Tomato Frito is a staple of Spanish cooking. I love it so much as it reminds me of childhood holidays to see my Spanish family, at the end of which we would go on an exciting Spanish supermarket shop to stock up on cartons of Frito before going back home. We often had it with rice in Spain which was lovely, but I adore it as a pasta sauce.
This recipe is based on Spanish Frito and tastes just as I remember it – it’s a very simple tomato sauce but there is something about it that is nostalgic and sweet and extra special.
This recipe requires a blender. A stick blender is perfect as you can just blend the sauce in the pan you’re cooking in.
3+ cloves of garlic
1 x 400g tin chopped tomatoes
1 stock cube
1 tsp sugar
- Chop your onion and garlic and fry for 4 or 5 minutes with a splash of oil.
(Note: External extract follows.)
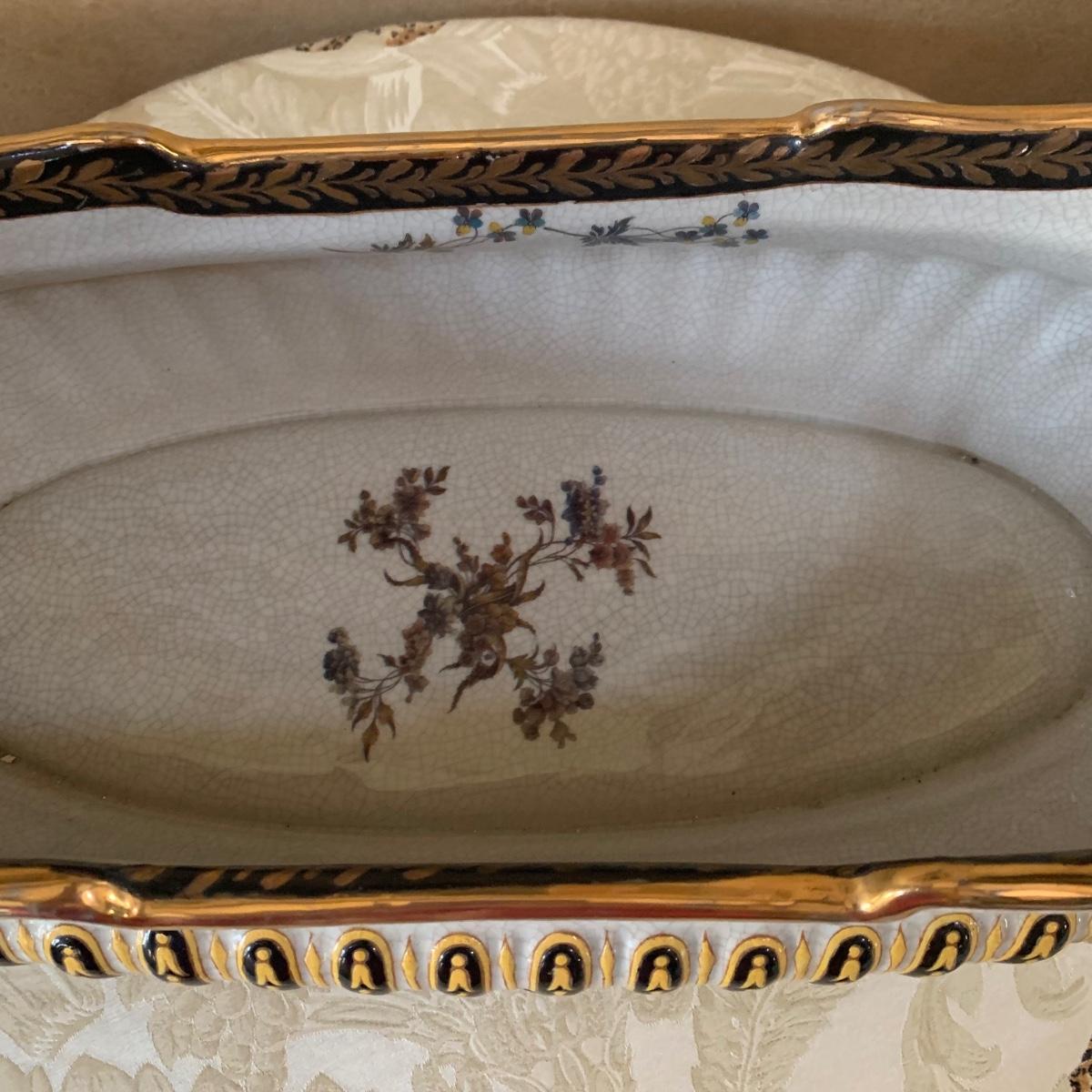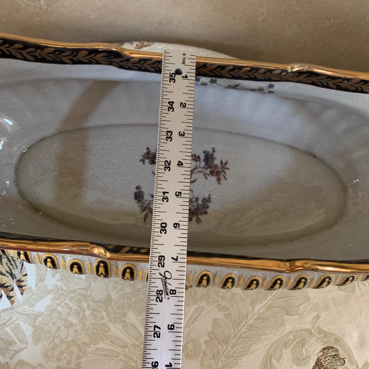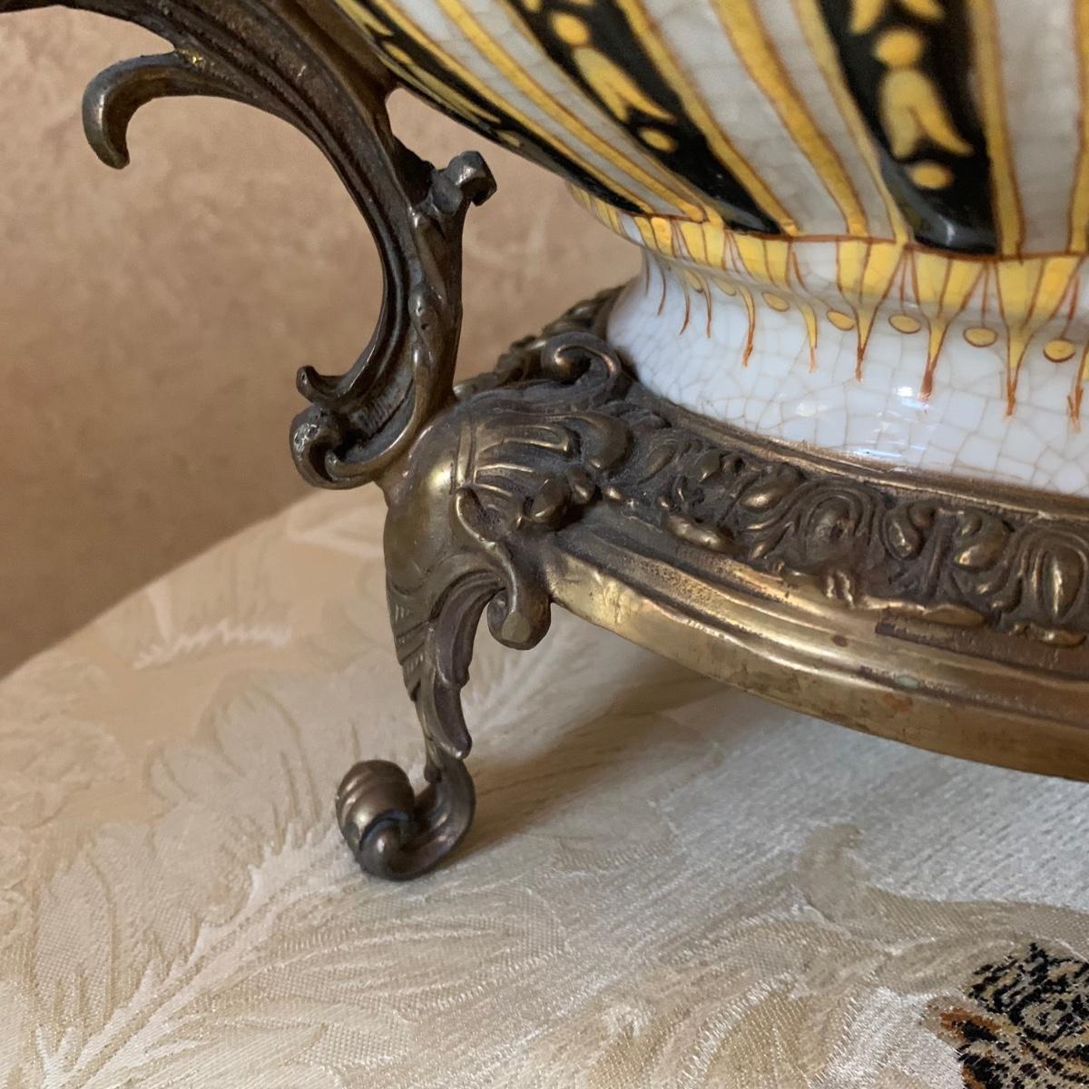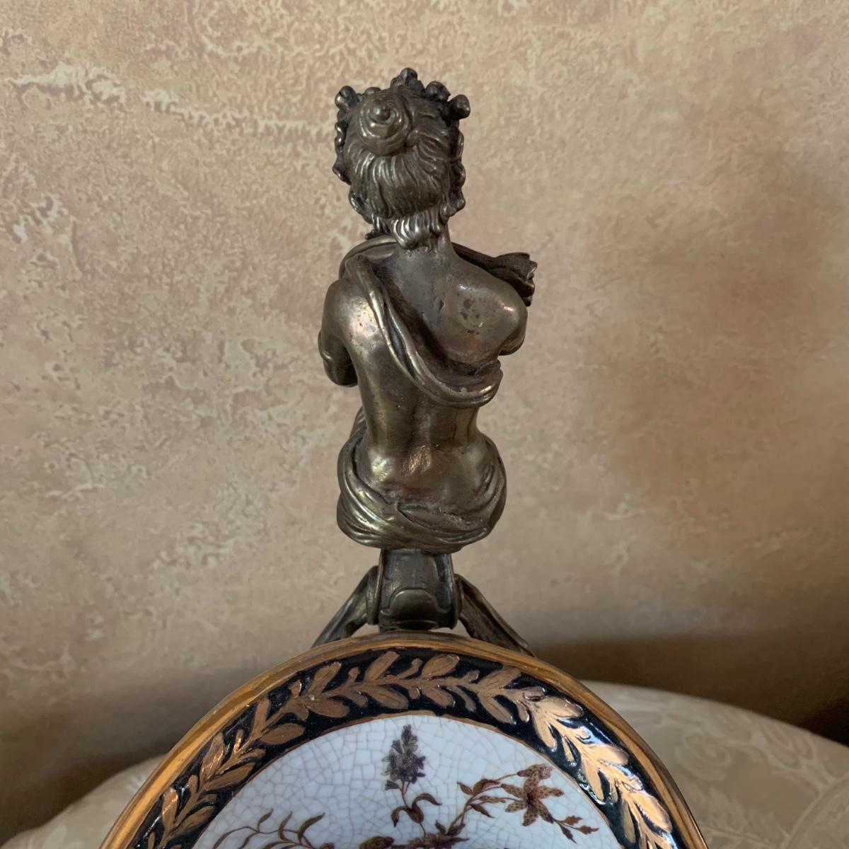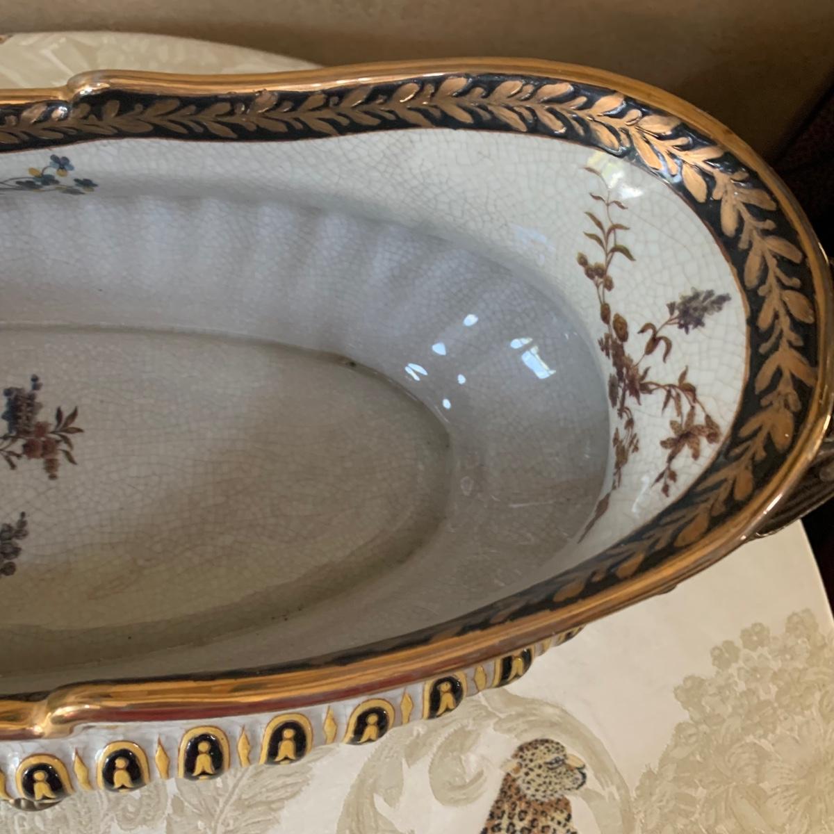 LOT 14: Large Oval Porcelain Bowl w/Bronze Angels & Base

- Add your tomatoes, stock cube and sugar and bring to the boil. I add a bit of extra water, swirling some round the empty tomato tin to clean it out and pouring this into the pan. Turn the heat down to a gentle simmer, cover and let it cook for 30 minutes, stirring occaisionally.
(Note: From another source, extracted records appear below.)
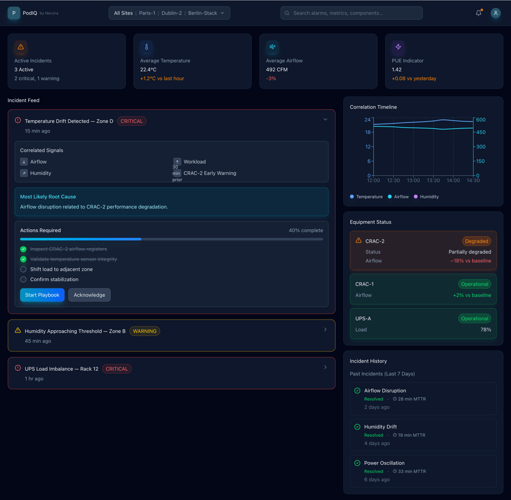 PodIQ interprets alarms, identifies root causes, and guides technicians step-by-step - reducing incidents and improving response time.
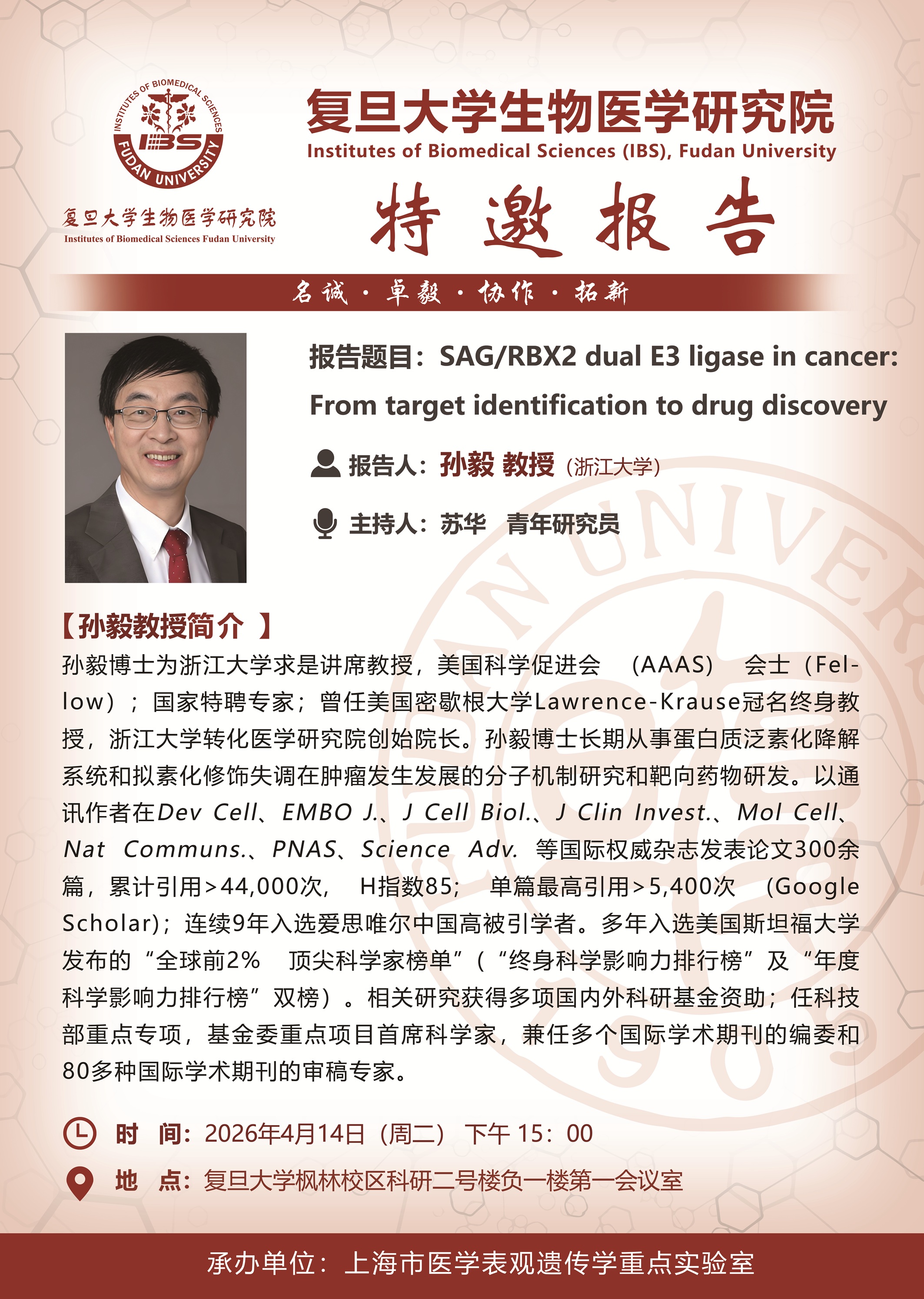 特邀报告:SAG/RBX2 dual E3 ligase in cancer: From target identification to drug discovery(浙江大学孙毅)
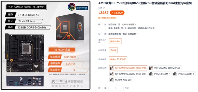 且天猫商城还有华硕B650重炮手WIFI主板搭R5 7500F处理器套包,活动价2429元。
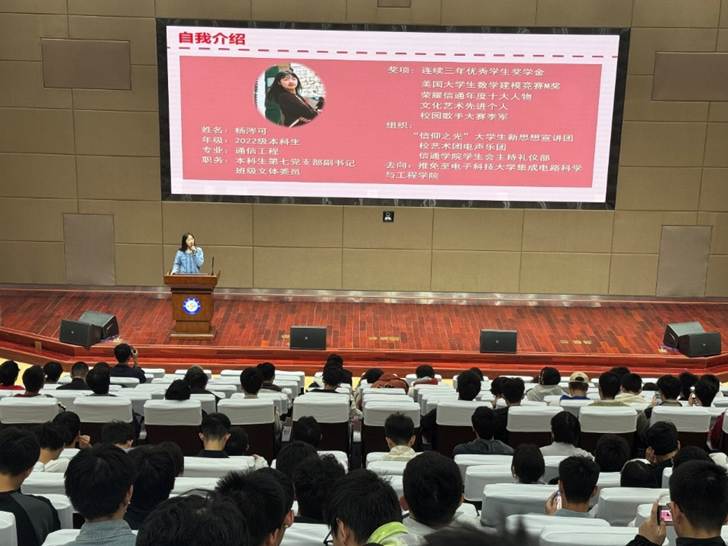 杨涔可围绕“让热爱发光,让青春发烫”分享感悟,呼吁大家摆脱“唯分数论”的束缚。她建议学习中既要研读书本,也要重视 PPT 学习,减少考前突击,认真对待每一门课程。在选择上,她提醒同学们不要人云亦云,尽早明确保研、考研、留学、就业等未来方向,在学习中找到专属节奏。此外,她鼓励大家积极参与艺术团、宣讲团等组织,让热爱为青春添彩。

- Remove from the heat and blend your sauce until it is a smooth, bright orange colour. Add a little more water if it seems too thick.
- Cook and drain your pasta. Stir some of the sauce in and enjoy with salt, pepper and grated cheese if you are that way inclined 🙂 You can store the rest of the sauce in the fridge or freezer for future meals.
- For a slight variation, my mum used to add some crème fraiche to our sauce, making it a bit creamier, so if you have any crème fraiche to use up, I definitely recommend adding it to your tomato Frito!